__Task brief__
Task for the records below: repeat the line containing "Für Warmwasser sorgt" and every line after it, exactly and with nothing else, but leave out the pictures.

[Source data]
┏━━

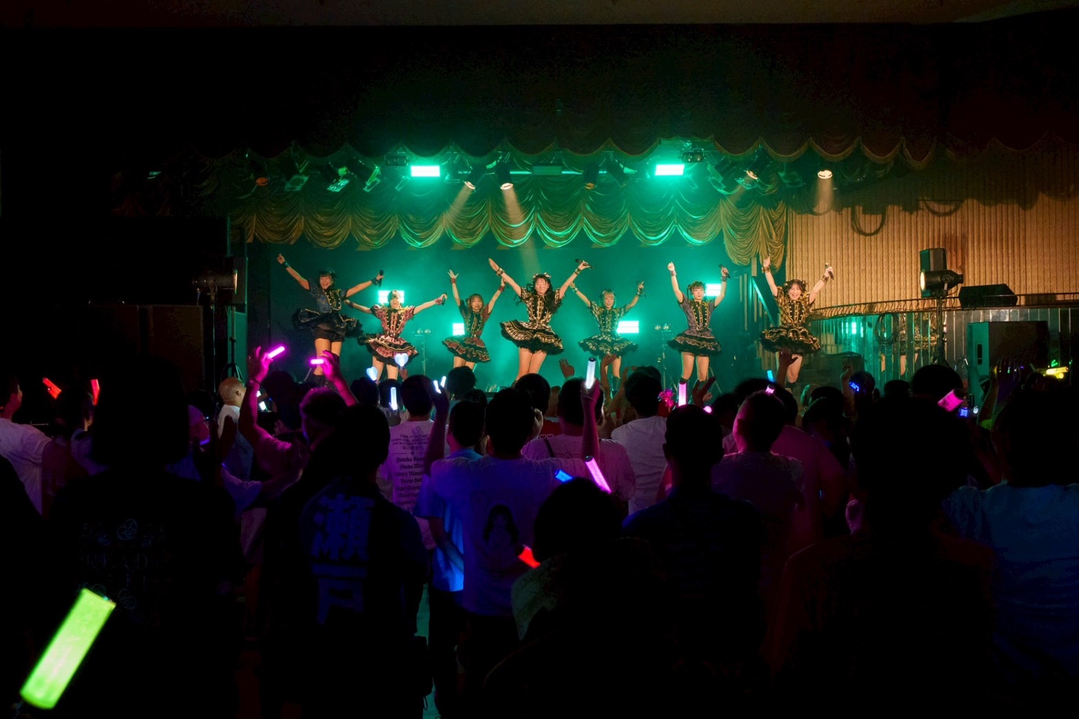 新曲の『猛暑モーション』は、「猛暑 猛暑 モーション」と弾けた声で歌う姿も印象的な、テンション爆上げ曲。ライブでこの曲に触れたときは、彼女たちと一緒に手にしたタオルを頭上高く振り回し、「猛暑 猛暑 モーション」と叫んでほしい。猛暑が吹き飛ぶ‥どころか、その空間が外の気温以上にアチアチの酷暑になる可能性も高いけどね。でも、その暑さを一緒に感じあってこそ夏曲であり、今の季節に似合う楽しみ方だ(ダンスホール新世紀は天井がとても高く、猛暑にならなかったのは救い?!)
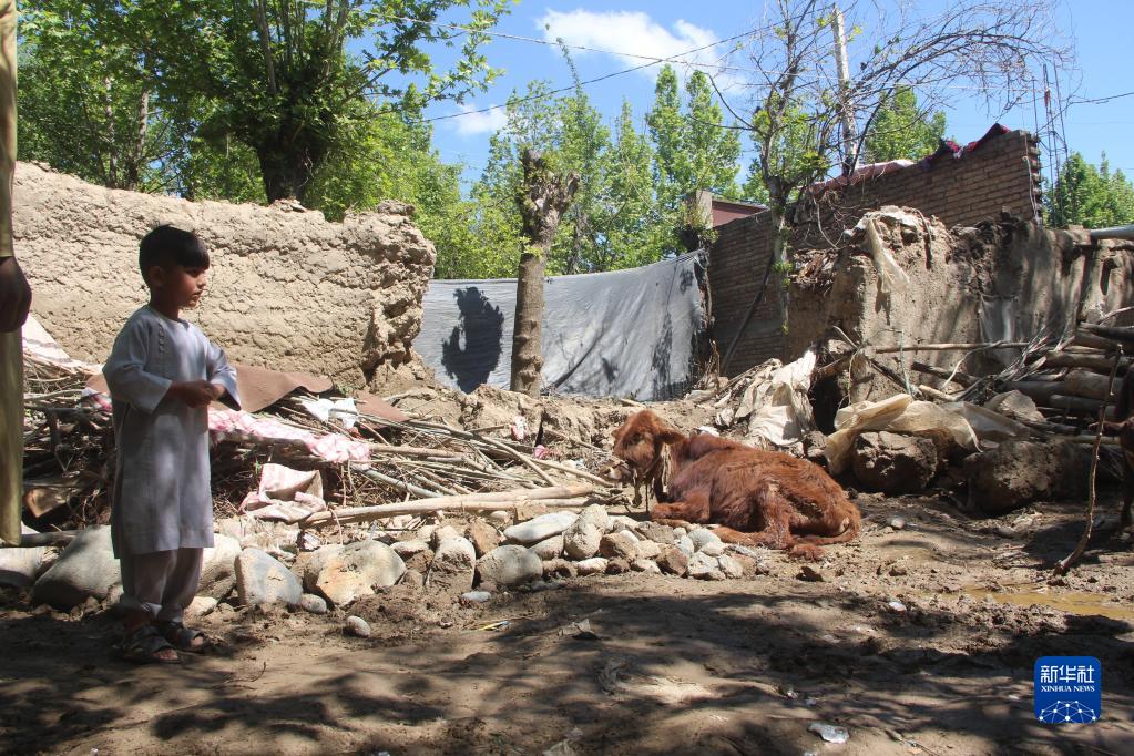 4月6日,在阿富汗塔哈爾省班吉地區,一名男孩站在受損建筑旁。
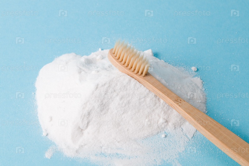 Бамбуковая зубная щетка на куче соды на синем фоне копирует чистку зубов концепция газировки, концепция образа жизни без отходов
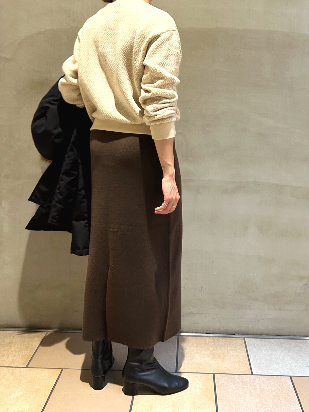 楽チンな裏起毛のカットソーと、腰回りストレスフリーなニットのスカートで、リラックスして楽しめるようにまとめました!
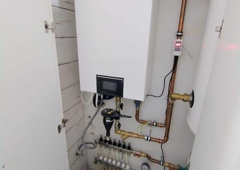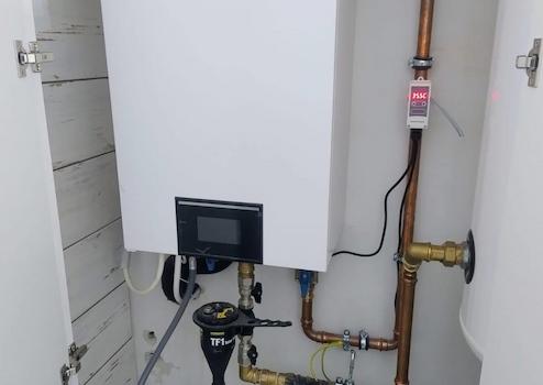 Für Warmwasser sorgt ein neuer, intelligenter Boiler. Die Küchenmöbel mit integrierter Beleuchtung in der Küche sind Bestandteil des Kaufpreises.
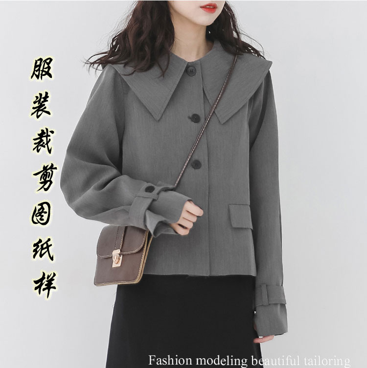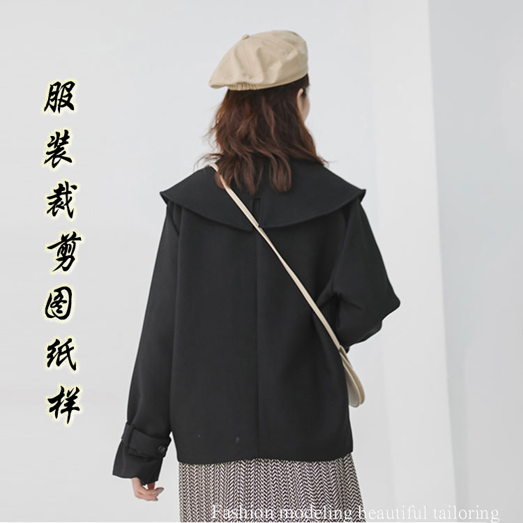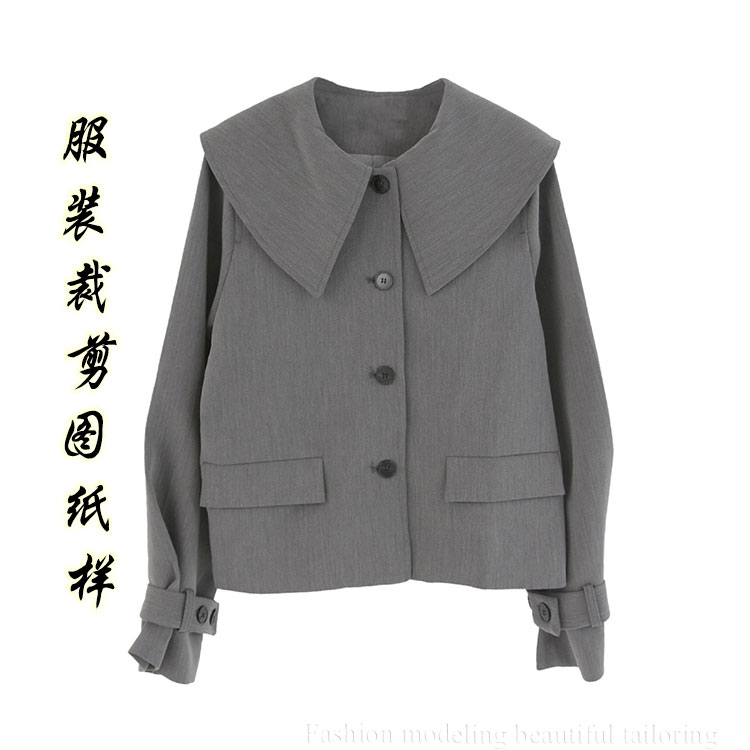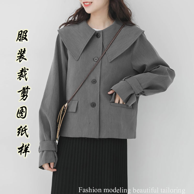 Loose large lapel short windbreaker pattern 2023 spring and autumn outerwear new women's top sample cutting diagram

┗━━

__Task response__
 Für Warmwasser sorgt ein neuer, intelligenter Boiler. Die Küchenmöbel mit integrierter Beleuchtung in der Küche sind Bestandteil des Kaufpreises.
 Loose large lapel short windbreaker pattern 2023 spring and autumn outerwear new women's top sample cutting diagram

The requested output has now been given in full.